PyTorch's Mysterious Matrix Math: The torch.matmul anomaly led to benchmarking across different GPUs, where performance boosts observed on Ada GPUs sparked a desire for deeper insights from the PyTorch team, as highlighted in shared GitHub Gist.

C++ for CUDA, Triton as an Alternative: Within the community, the need for C/C++ for crafting high-performance CUDA kernels was affirmed, with an emphasis on Triton's growing suitability for ML/DL applications due to its integration with PyTorch and ability to simplify memory handling.

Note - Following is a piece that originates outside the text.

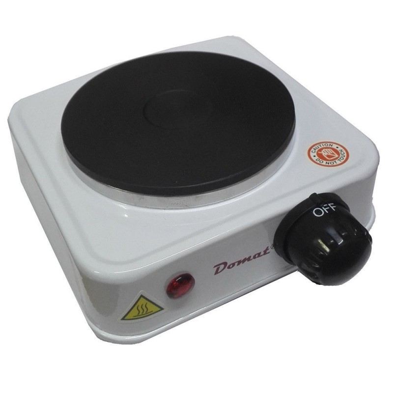 Fornello elettrico Domat DMT-100A con piastra singola regolata dalla manopola posizionata frontalmente.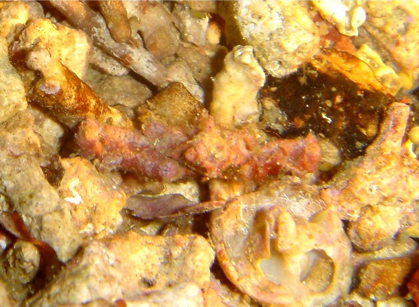 ナイトダイビングで撮影。甲幅が1cmほどの小さなかにで、腕の形からするとヒシガニ属かなーと思うのですが決め手はありません。

Tensor Cores Driving INT8 Performance: Discussion in #bitnet centered on achieving performance targets with INT8 operations on tensor cores, with empirical feedback showing up to 7x speedup for large matrix shapes on A100 GPUs but diminishing returns for larger batch sizes. The role of tensor cores in performance for various sized matrices and batch operations was scrutinized, noting efficiency differences between INT8 vs FP16/BF16 and the impacts of wmma requirements.

Inter-threading Discord Discussions: The challenges of following discussions on Discord were aired, with members expressing a preference for forums for information repository and advocating for threading and replies as tactics for better managing conversations in real-time channels.

Meta Training and Inference Accelerator (MTIA) Compatibility: MTIA's Triton compatibility was highlighted, marking an interest for streamlined compilation processes in AI model development stages.

Consideration of Triton for New Architectures: In #torchao, the conservativeness of torch.nn in adding new models was contrasted with AO's receptiveness towards facilitating specific new architectures, indicating selective model support and potential speed enhancements.

Coding Dilemmas and Community-Coding: A collaborative stance was evident as members deliberated over improving and merging intricate Pull Requests (PRs), debugging, and manual testing, particularly in multi-GPU setups on #llmdotc. Multi-threaded conversations highlighted a complexity in accurate gradient norms and weight update conditions linked to ZeRO-2's pending integration.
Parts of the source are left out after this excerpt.